SimDiff: Depth Pruning via Similarity and Difference
Summary: arXiv:2604.19520v1 Announce Type: new
Abstract: Depth pruning improves the deployment efficiency of large language models (LLMs) by identifying and removing redundant layers. A widely accepted standard for this identification process is to measure the similarity between layers using cosine distance. However, we find that methods relying solely on this one-dimensional heuristic can exhibit unpredictable performance and even catastrophic collapse across different architectures. To address this issue, we propose SimDiff, a novel layer importance criterion that jointly evaluates layers from two orthogonal perspectives: representational similarity and transformation difference.
Introduction to SimDiff
As the demand for efficient deployment of large language models (LLMs) continues to grow, depth pruning has emerged as a critical technique. Traditional methods often depend on cosine distance to gauge layer similarity, but this approach can lead to unreliable outcomes. SimDiff distinguishes itself by introducing a dual-perspective evaluation method that assesses both representational similarity and transformation differences.
Key Metrics in SimDiff
The innovation of SimDiff lies in its use of two distinct metrics that offer a nuanced understanding of layer importance:
- MSSD (Mean Squared Standard Deviation): This metric is sensitive to outliers and is effective in identifying layers that make decisive corrections, ensuring that critical transformations within the model are preserved.

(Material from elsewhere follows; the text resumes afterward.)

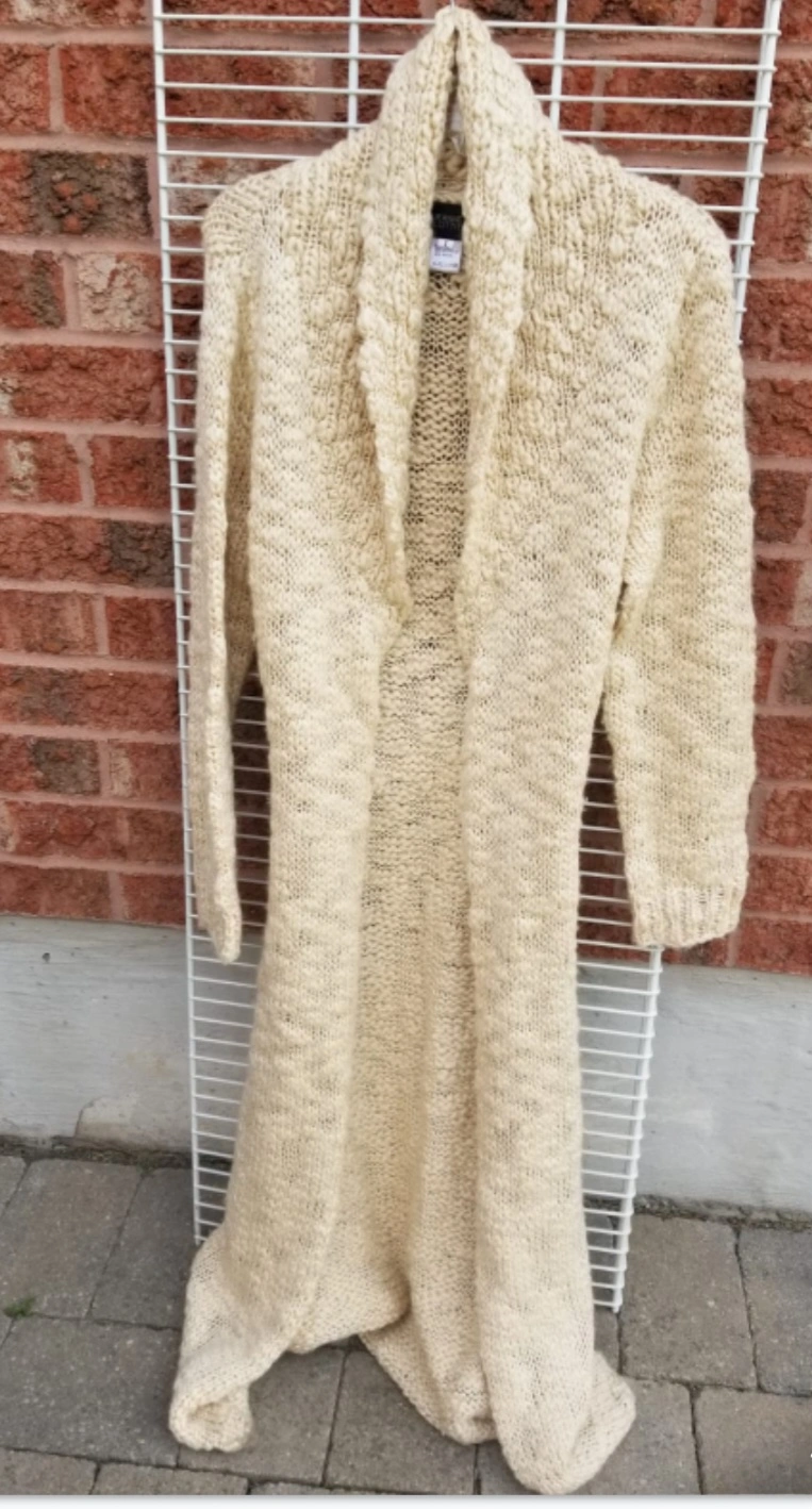 Selling a cozy, long knit cardigan in a cream colour. It's perfect for layering during the cooler months. The material is soft and comfortable, with a blend of wool and acrylic, making it a great addition to any wardrobe!

- MASD (Mean Average Standard Deviation): Contrasting with MSSD, MASD provides a robust measurement of a layer’s average contribution, allowing for a more stable evaluation across different architectures.
Experimental Results
Extensive experiments conducted on a range of models from 0.5B to 13B parameters have demonstrated the effectiveness of SimDiff. The results reveal that:
- SimDiff significantly outperforms state-of-the-art baselines across various pruning ratios.

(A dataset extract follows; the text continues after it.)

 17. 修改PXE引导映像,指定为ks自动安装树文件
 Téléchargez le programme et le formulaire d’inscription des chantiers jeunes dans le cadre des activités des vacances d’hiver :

- At a 25% pruning ratio, SimDiff retains over 91% of LLaMA2-7B’s performance, showcasing its efficiency.
- The method achieves up to a 1.49x inference speedup when pruning 12 layers on LLaMA3.1-8B.
Recovery of Pruned Models
An additional advantage of the SimDiff approach is the ability to effectively recover pruned models with minimal fine-tuning. This characteristic is crucial for practitioners looking to maintain model integrity while benefiting from reduced computational overhead.
Conclusion
In conclusion, SimDiff represents a significant advancement in depth pruning methodologies for large language models. By moving beyond traditional similarity measures and incorporating transformation differences, SimDiff offers a more reliable and effective framework for enhancing model efficiency. As the field of artificial intelligence continues to evolve, techniques like SimDiff will likely play a pivotal role in optimizing LLM deployment.